Comme l’espèce de la semaine dernière, celle-ci pousse également dans le Gondwana Garden à Cranbourne (et dans le Peppermint Garden pas trop loin). Il m’est arrivé de voir un autre spécimen dans un pot, dans notre pépinière de Melbourne, peut-être destiné à l’Australian Forest Walk à Melbourne.

Zieria adenodonta a, encore une fois comme la plante de la semaine dernière, des fleurs plutôt petites. Encore plus petit. Ils mesurent au plus quelques millimètres de diamètre et leurs tiges sont encore plus courtes que les feuilles qui les entourent. Et encore une fois, comme la semaine dernière, les fleurs ont quatre pétales. Cette fois seulement quatre étamines (les parties mâles surmontées d’anthères avec du pollen).

Les tiges les plus anciennes au moins sont verruqueuses et légèrement poilues, et les feuilles, pour la plupart à trois volets, sont verruqueuses au-dessus et poilues en dessous. Dans le matériel cultivé, les feuilles peuvent apparemment exprimer quelques folioles supplémentaires, les rendant palmées (comme une main) ou même pennées (avec des rangées parallèles). Le spécimen que j’ai photographié n’avait que des feuilles « trifoliolées », dont beaucoup étaient joliment teintées de rouge.

En termes d’odeurs, la famille des agrumes Rutaceae est un sac mélangé. Certains membres, comme les agrumes, sont plutôt agréables. La Wollumbin Zieria est dans l’autre catégorie, donc lorsque vous écrasez les feuilles, elles dégagent une odeur désagréable. Le nom de l’espèce, adénodonte vient du grec ancien, signifiant ‘glande-dent’, et probablement une référence aux bords verruqueux des feuilles plutôt qu’à l’intérieur fétide.
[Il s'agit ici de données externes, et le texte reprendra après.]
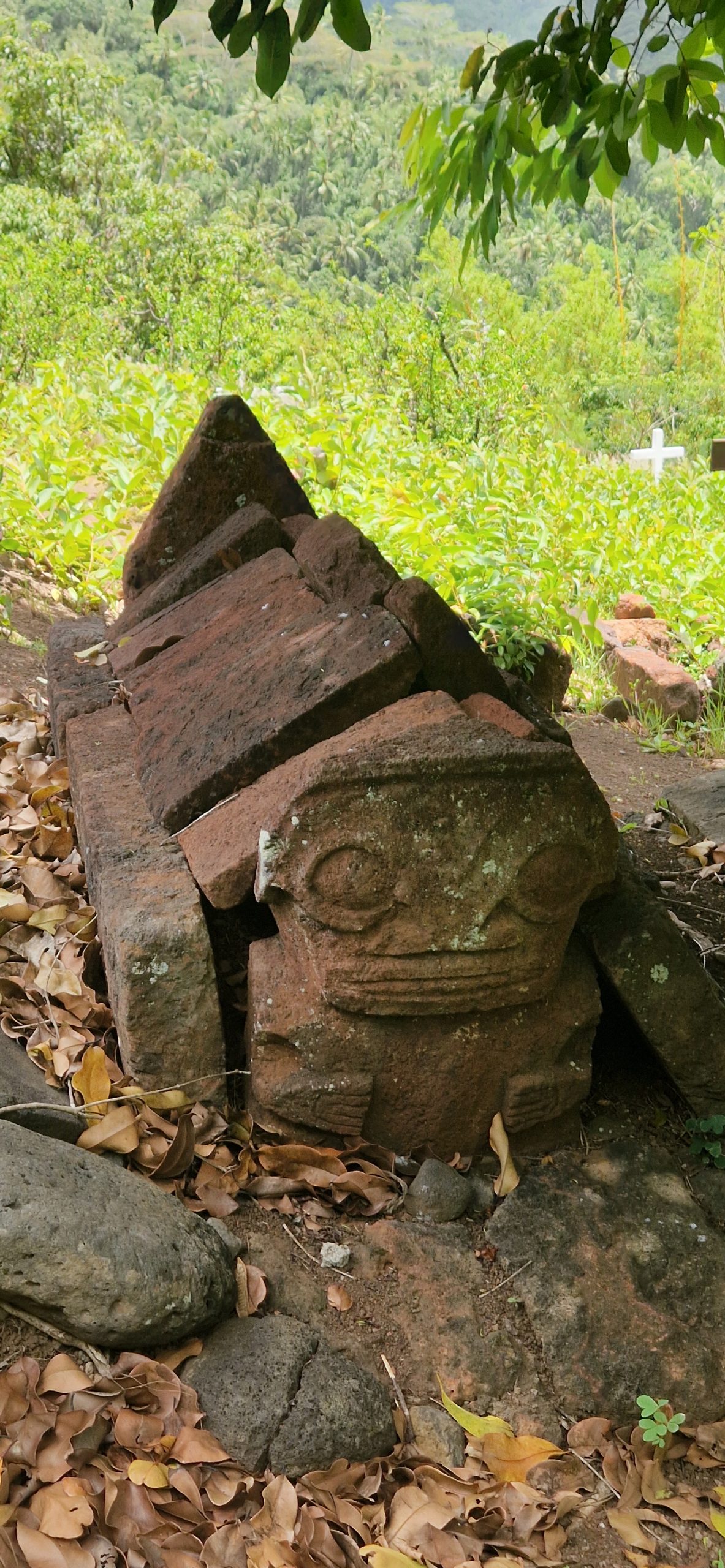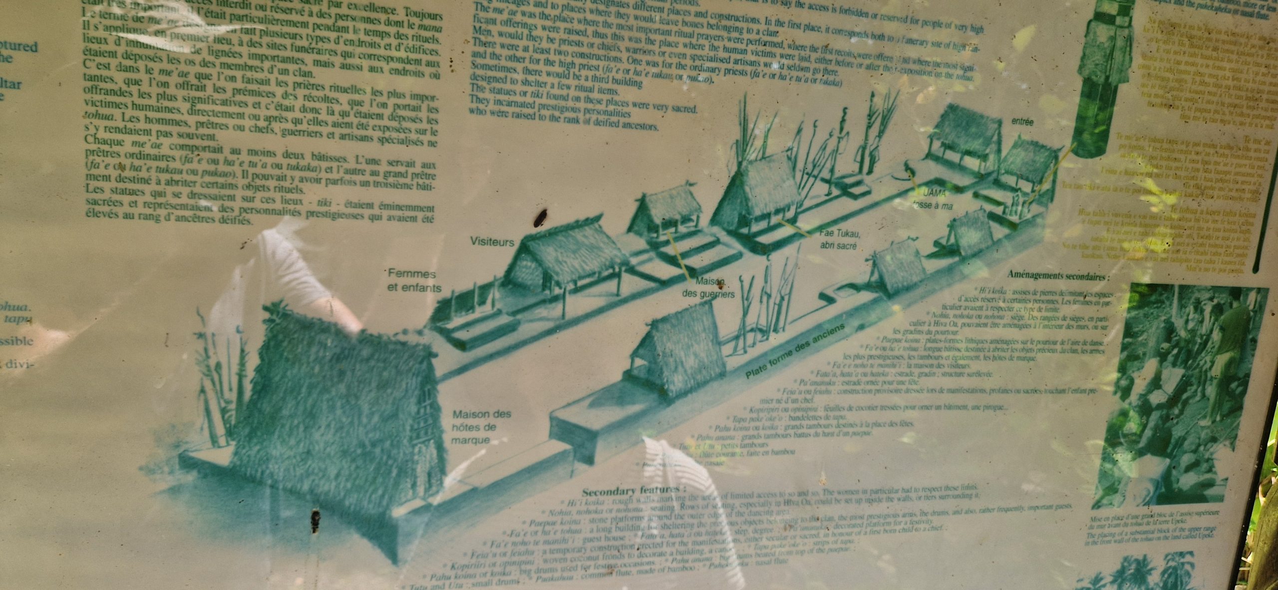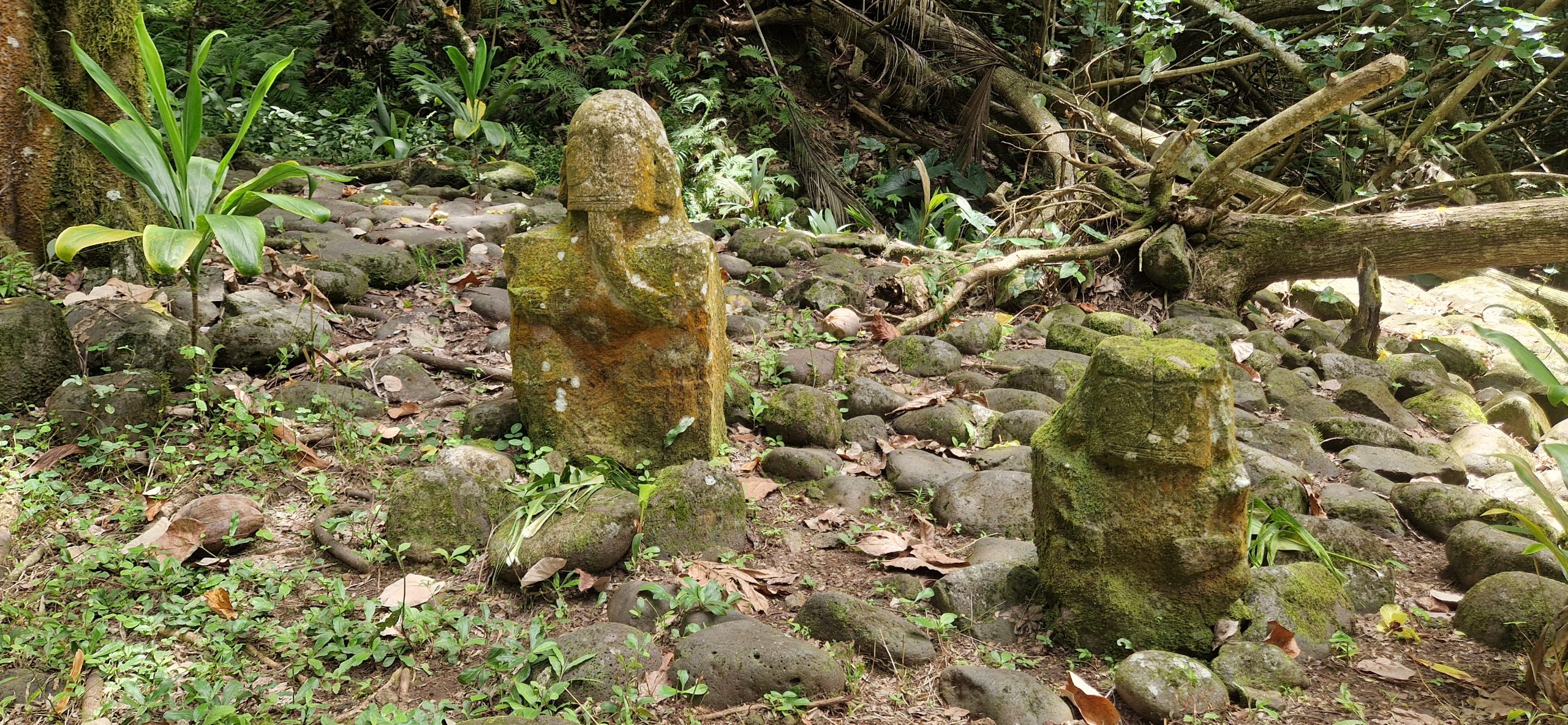 So haben wir uns auch wieder einmal ein Auto für zwei Tage gemietet und sind alle Möglichkeiten auf der Insel abgefahren – vom lachenden Tiki über die archäologische Anlage Ma’ae Lipona, in der das größte Tiki steht, zu den Petroglyphen, dem alten Friedhof von Teivitete und dem Zeremonienplatz von Upeke. Zu Upeke muss man noch sagen, daß nach einer Sage hier der Baum des Lebens gestanden hat in dem alle Vögel brüteten. Als der Baum umgefallen ist, sind die Äste auf die anderen Inseln der Marquesas gefallen, auf denen sich schließlich die Vögel verteilt haben. Anhand dieser Sage kann man erahnen, wie wichtig dieser Ort für die Ureinwohner war, entsprechend groß auch die Anlage, die nur zum Teil freigelegt ist. Ein Großteil befindet sich im Wald und will entdeckt werden. Natürlich haben wir mit dem Auto auch noch unsere Besorgungen erledigt, vor allem die schweren Getränkedosen sind doch einfacher zu transportieren, wenn man einen fahrbaren Untersatz hat und nicht 4 km hin und 4 km zurück laufen muß, da der Hafen/Ankerplatz doch etwas von der Stadt entfernt ist.

Wollumbin Zieria pousse naturellement sur les pentes rocheuses du mont Warning dans le parc national de Wollumbin, au nord-est de la Nouvelle-Galles du Sud. et près du mont Roberts dans le parc national de Lamington, dans le sud-est du Queensland. Je suppose qu’il pousse dans de petites parcelles isolées dans les deux zones.

En Nouvelle-Galles du Sud, il est considéré comme en voie de disparition et menacé par les dommages accidentels causés par les promeneurs, la collecte illégale et le feu. Ces menaces s’appliqueraient également au parc national de Lamington, où il est répertorié comme «quasi menacé».

Comme c’est souvent le cas avec les plantes de cette région, Ferdinand von Mueller a d’abord reconnu cette espèce comme distincte, la considérant comme une variété de Zieria granulata de l’Illawarra, plus au sud. Mueller a trouvé l’espèce parmi les collections des «plus hautes montagnes du Tweed» rassemblées par William Carron, qui était basé dans les jardins botaniques de Sydney.

Malgré la petite taille des fleurs, les pollinisateurs sont des mouches et des coléoptères en quête de nectar, qu’ils semblent trouver.